Each record should reappear exactly in your answer, minus any picture.

Records to process:

_ _ _ _ _ _ _

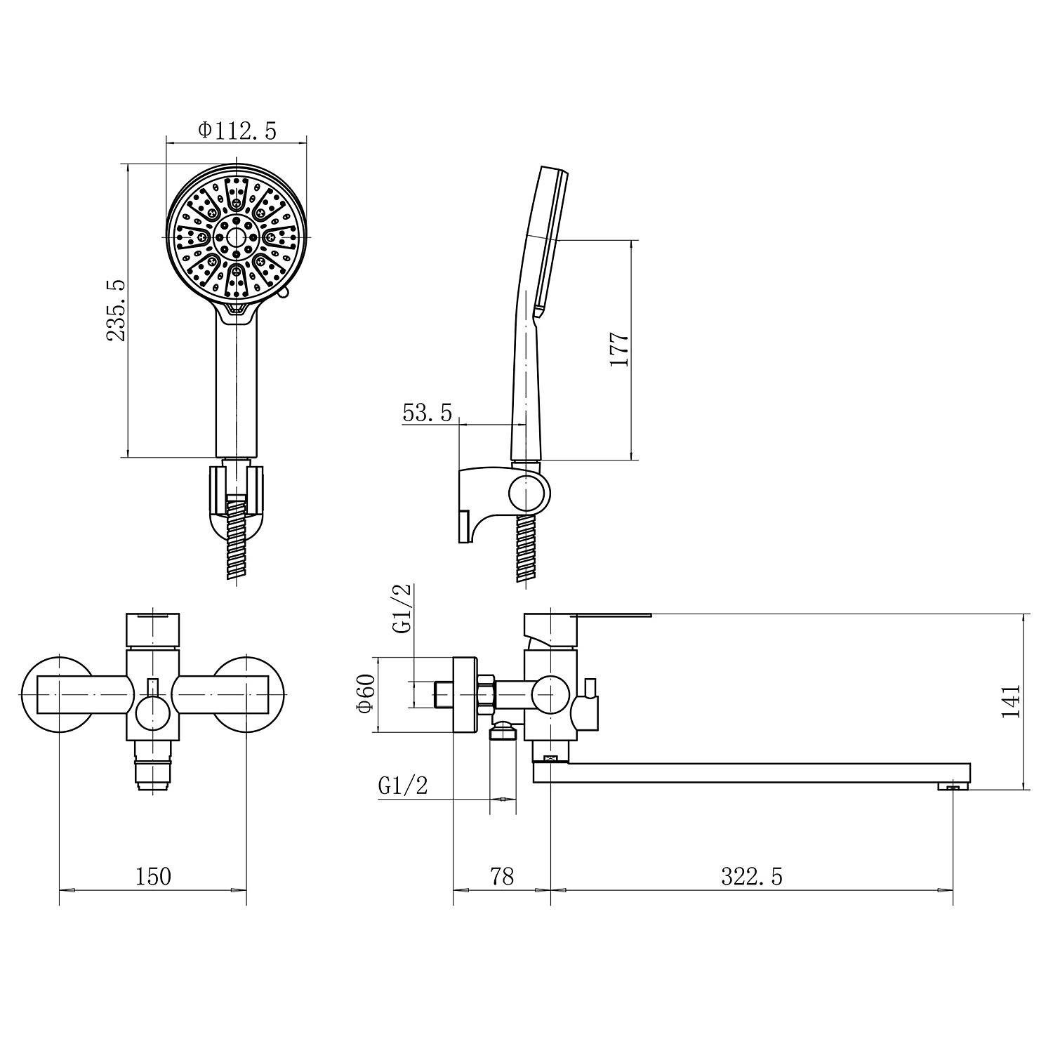 Модель комплектуется гибким шлангом длиной 150 см, что позволяет свободно пользоваться душевой лейкой по всей ванне. Смеситель монтируется на стену с помощью стандартных эксцентриков, подключение осуществляется через резьбу 1/2". Керамический картридж обеспечивает плавное управление температурой и напором воды.
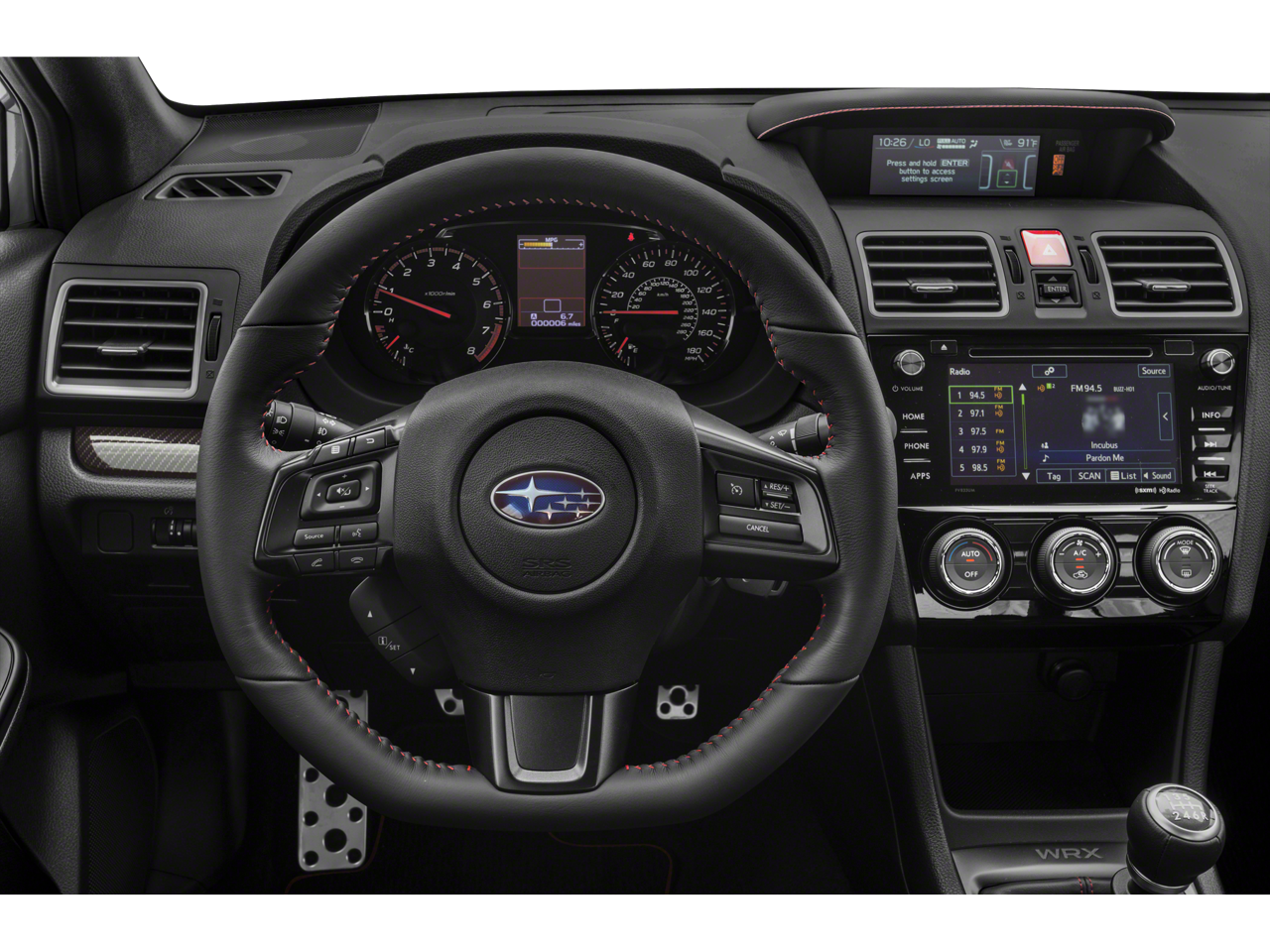 This car is well equipped with the following features: Popular Package #1 (Alloy Wheel Locks, Auto-Dimming Mirror w/Compass & HomeLink, Cargo Tray, Center Armrest Extension - Black, Hardware Bag 3-Pin, and Rear Bumper Applique), Standard Model (6MT), WRX Short Throw Shifter Package (STI Shift Knob and STI Short Throw Shifter (WRX)), 4-Wheel Disc Brakes, 6 Speakers, ABS brakes, Air Conditioning, Alloy wheels, AM/FM radio: SiriusXM, Automatic temperature control, Brake assist, Bumpers: body-color, CD player, Delay-off headlights, Driver door bin, Driver vanity mirror, Dual front impact airbags, Dual front side impact airbags, Electronic Stability Control, Emergency communication system: STARLINK Safety and Security (Subscription Required), Exterior Parking Camera Rear, Four wheel independent suspension, Front anti-roll bar, Front Bucket Seats, Front Center Armrest, Front fog lights, Front reading lights, Fully automatic headlights, Heated door mirrors, Heated front seats, Illuminated entry, Knee airbag, Leather Shift Knob, Leather steering wheel, Leather-Trimmed Upholstery, Low tire pressure warning, Occupant sensing airbag, Outside temperature display, Overhead airbag, Overhead console, Panic alarm, Passenger door bin, Passenger vanity mirror, Performance Design Heated Front Bucket Seats, Power door mirrors, Power driver seat, Power moonroof, Power steering, Power windows, Radio data system, Radio: Subaru STARLINK 7.0 Multimedia Plus System, Rear anti-roll bar, Rear seat center armrest, Rear window defroster, Remote keyless entry, Security system, Speed control, Speed-sensing steering, Split folding rear seat, Spoiler, Sport steering wheel, STARLINK/Apple CarPlay/Android Auto, Steering wheel mounted audio controls, Tachometer, Telescoping steering wheel, Tilt steering wheel, Traction control, Trip computer, Variably intermittent wipers, and Wheels: 18 x 8.5 High Luster Finish Alum Alloy.
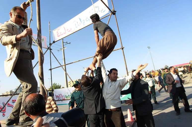 Uma imagem da agência iraniana Mehr distribuída pelas agências internacionais mostra algumas pessoas segurando pelas pernas o homem pendurado na forca, tentando salvá-lo da morte.
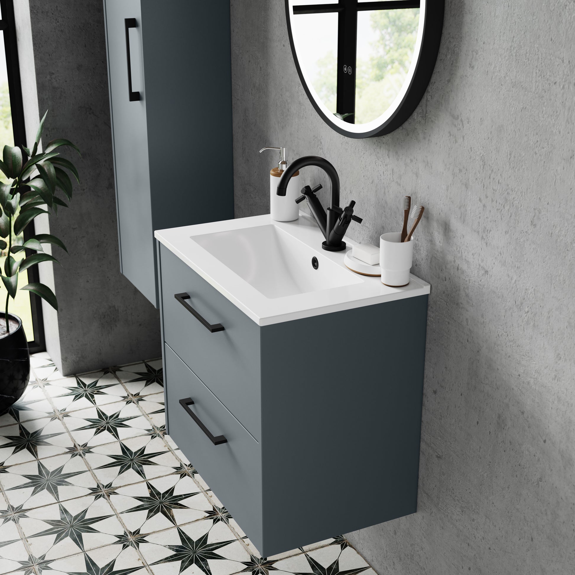 Hudson Reed Juno 800mm Wall Hung 2-Drawer Vanity & Minimalist 1 Tap Hole Basin - Coastal Grey
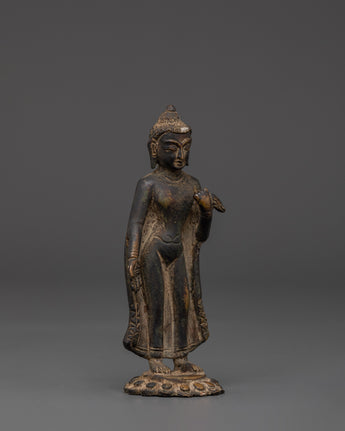 Handmade Dipankara Buddha Figurine | Copper Statue with Antique Finish
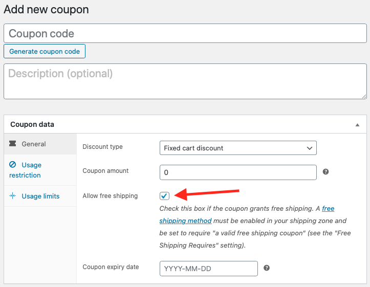 Además, puedes crear un cupón para envío gratis. En la sección «WooCommerce» de la barra lateral izquierda, haz clic en «Cupones». Al crear su cupón, marque la casilla «Permitir envío gratis».
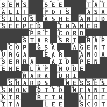 ACROSS 1. Elected reps. 5. Observe 8. Make lace 11. Set down 12. Cooking vessels 14. White ___ sheet 15. Grain storage towers 17. American tennis player Robert 18. Among 19. Oozed 21. Sillier 23. Before (prefix) 25. Drawstring 26. Play the lead 27. Indian title of respect (Mr.) 28. Reproach for some lapse or misdeed 31. Police officer (slang) 33. Girls' org. (abbr.) 35. Representative 37. Capital and largest city of Mongolia 38. Hearing organ 40. Small Philippine buffalo 41. Father Junipero _ 43. Help 45. Writing instrument 46. She-sheep 47. Infant locale 50. Method 52. Hindu Mythology: god of death 53. RI univ. 54. Broken pieces 56. Makes clutter 61. Overwhelm 62. "Beetle Bailey" pooch 65. Intended 66. Apertif with cassis 67. It's straight from the horse's mouth 68. Helper 69. Call ___ day 70. Area sheltered from the wind 71. Native of Scotland DOWN 1. Backtalk 2. Writer Wiesel 3. Mediterranean tributary 4. Cease 5. Health resort 6. Greek goddess of the dawn 7. Principles of right and wrong 8. Not wild 9. SW Saudi Arabia district 10. Small boy 13. Sir (Sp.) 16. Back-to-school mo. 18. Plus 20. To be drawn or hauled along 22. Operatic vocal solo 24. Celtic language 26. Coast Guard woman 28. French philosopher Descartes 29. Soon (poet.) 30. Parent Teacher Association (abbr.) 31. Ship's personnel 32. Legendary monster 34. Auto club (abbr.) 36. Open wide 37. Purpose 39. Tall New Zealand timber tree 42. Having or resembling wings 44. Dormintory (informal) 48. Zeal 49. Soft color 51. South Vietnam president (1954) 52. Informal term for the mouth 54. In a ____ (agitated or irritated) 55. Israeli folk dance 57. Oceans 58. Ketch in the Levant 59. Inside; within (prefix) 60. Proofreading order 61. What Jean-Claude Killy likes to do 63. Neckwear 64. Single
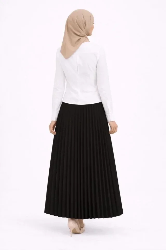 Tesettür Beyaz Gömlekli Pliseli Etek İkili Takım Gündelik Ve Ofis Şıklığı - Siyah
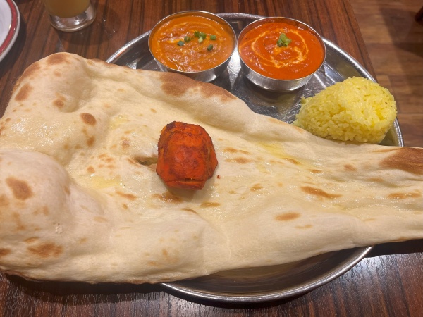 ナンがデカいぃぃ!画角に収まらないデカナンが乗っているカレーセット。
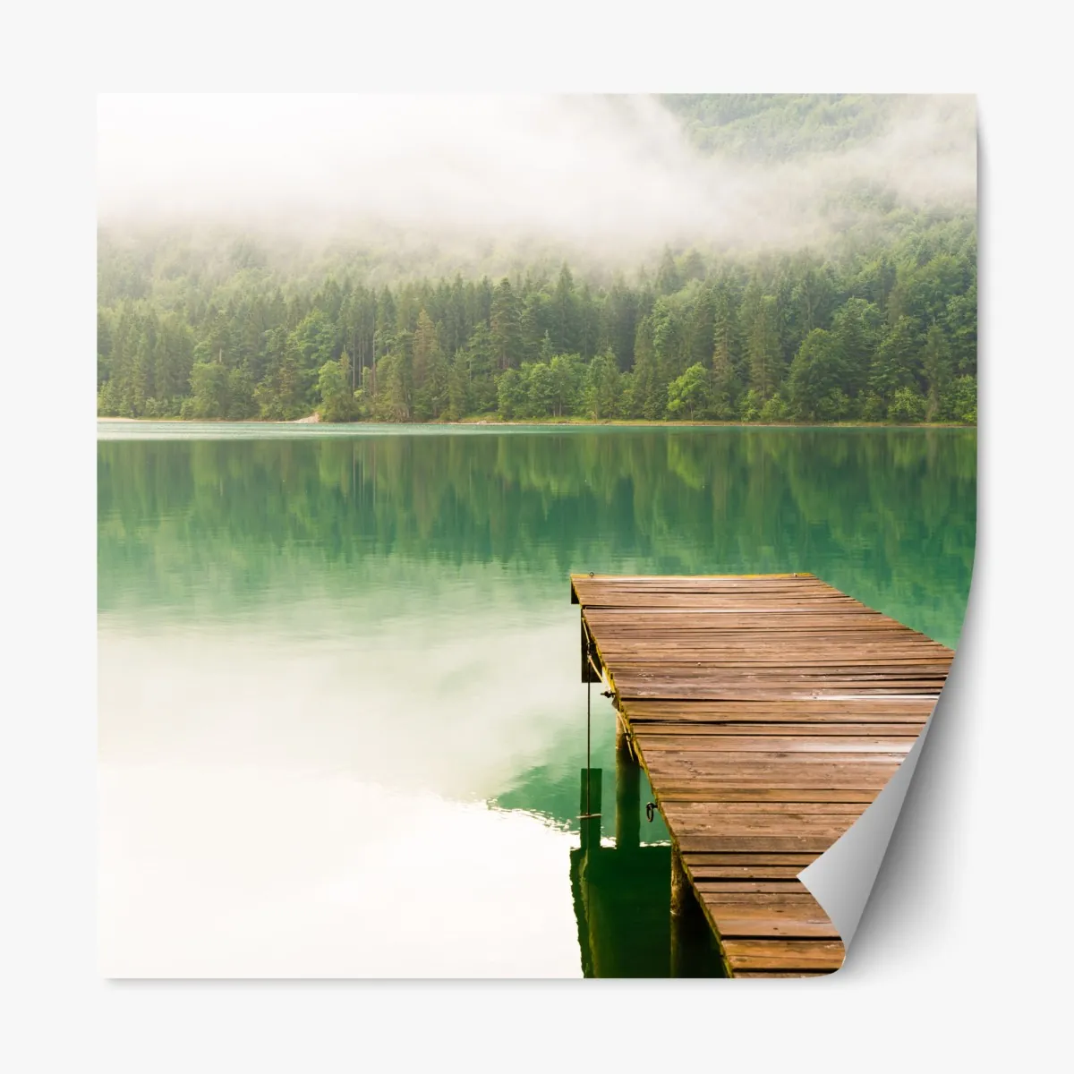 Repositionierbarer Aufkleber nebliger see mit hölzernem steg

_ _ _ _ _ _ _

Worked solution:
 Модель комплектуется гибким шлангом длиной 150 см, что позволяет свободно пользоваться душевой лейкой по всей ванне. Смеситель монтируется на стену с помощью стандартных эксцентриков, подключение осуществляется через резьбу 1/2". Керамический картридж обеспечивает плавное управление температурой и напором воды.
 This car is well equipped with the following features: Popular Package #1 (Alloy Wheel Locks, Auto-Dimming Mirror w/Compass & HomeLink, Cargo Tray, Center Armrest Extension - Black, Hardware Bag 3-Pin, and Rear Bumper Applique), Standard Model (6MT), WRX Short Throw Shifter Package (STI Shift Knob and STI Short Throw Shifter (WRX)), 4-Wheel Disc Brakes, 6 Speakers, ABS brakes, Air Conditioning, Alloy wheels, AM/FM radio: SiriusXM, Automatic temperature control, Brake assist, Bumpers: body-color, CD player, Delay-off headlights, Driver door bin, Driver vanity mirror, Dual front impact airbags, Dual front side impact airbags, Electronic Stability Control, Emergency communication system: STARLINK Safety and Security (Subscription Required), Exterior Parking Camera Rear, Four wheel independent suspension, Front anti-roll bar, Front Bucket Seats, Front Center Armrest, Front fog lights, Front reading lights, Fully automatic headlights, Heated door mirrors, Heated front seats, Illuminated entry, Knee airbag, Leather Shift Knob, Leather steering wheel, Leather-Trimmed Upholstery, Low tire pressure warning, Occupant sensing airbag, Outside temperature display, Overhead airbag, Overhead console, Panic alarm, Passenger door bin, Passenger vanity mirror, Performance Design Heated Front Bucket Seats, Power door mirrors, Power driver seat, Power moonroof, Power steering, Power windows, Radio data system, Radio: Subaru STARLINK 7.0 Multimedia Plus System, Rear anti-roll bar, Rear seat center armrest, Rear window defroster, Remote keyless entry, Security system, Speed control, Speed-sensing steering, Split folding rear seat, Spoiler, Sport steering wheel, STARLINK/Apple CarPlay/Android Auto, Steering wheel mounted audio controls, Tachometer, Telescoping steering wheel, Tilt steering wheel, Traction control, Trip computer, Variably intermittent wipers, and Wheels: 18 x 8.5 High Luster Finish Alum Alloy.
 Uma imagem da agência iraniana Mehr distribuída pelas agências internacionais mostra algumas pessoas segurando pelas pernas o homem pendurado na forca, tentando salvá-lo da morte.
 Hudson Reed Juno 800mm Wall Hung 2-Drawer Vanity & Minimalist 1 Tap Hole Basin - Coastal Grey
 Handmade Dipankara Buddha Figurine | Copper Statue with Antique Finish
 Además, puedes crear un cupón para envío gratis. En la sección «WooCommerce» de la barra lateral izquierda, haz clic en «Cupones». Al crear su cupón, marque la casilla «Permitir envío gratis».
 ACROSS 1. Elected reps. 5. Observe 8. Make lace 11. Set down 12. Cooking vessels 14. White ___ sheet 15. Grain storage towers 17. American tennis player Robert 18. Among 19. Oozed 21. Sillier 23. Before (prefix) 25. Drawstring 26. Play the lead 27. Indian title of respect (Mr.) 28. Reproach for some lapse or misdeed 31. Police officer (slang) 33. Girls' org. (abbr.) 35. Representative 37. Capital and largest city of Mongolia 38. Hearing organ 40. Small Philippine buffalo 41. Father Junipero _ 43. Help 45. Writing instrument 46. She-sheep 47. Infant locale 50. Method 52. Hindu Mythology: god of death 53. RI univ. 54. Broken pieces 56. Makes clutter 61. Overwhelm 62. "Beetle Bailey" pooch 65. Intended 66. Apertif with cassis 67. It's straight from the horse's mouth 68. Helper 69. Call ___ day 70. Area sheltered from the wind 71. Native of Scotland DOWN 1. Backtalk 2. Writer Wiesel 3. Mediterranean tributary 4. Cease 5. Health resort 6. Greek goddess of the dawn 7. Principles of right and wrong 8. Not wild 9. SW Saudi Arabia district 10. Small boy 13. Sir (Sp.) 16. Back-to-school mo. 18. Plus 20. To be drawn or hauled along 22. Operatic vocal solo 24. Celtic language 26. Coast Guard woman 28. French philosopher Descartes 29. Soon (poet.) 30. Parent Teacher Association (abbr.) 31. Ship's personnel 32. Legendary monster 34. Auto club (abbr.) 36. Open wide 37. Purpose 39. Tall New Zealand timber tree 42. Having or resembling wings 44. Dormintory (informal) 48. Zeal 49. Soft color 51. South Vietnam president (1954) 52. Informal term for the mouth 54. In a ____ (agitated or irritated) 55. Israeli folk dance 57. Oceans 58. Ketch in the Levant 59. Inside; within (prefix) 60. Proofreading order 61. What Jean-Claude Killy likes to do 63. Neckwear 64. Single
 Tesettür Beyaz Gömlekli Pliseli Etek İkili Takım Gündelik Ve Ofis Şıklığı - Siyah
 ナンがデカいぃぃ!画角に収まらないデカナンが乗っているカレーセット。
 Repositionierbarer Aufkleber nebliger see mit hölzernem steg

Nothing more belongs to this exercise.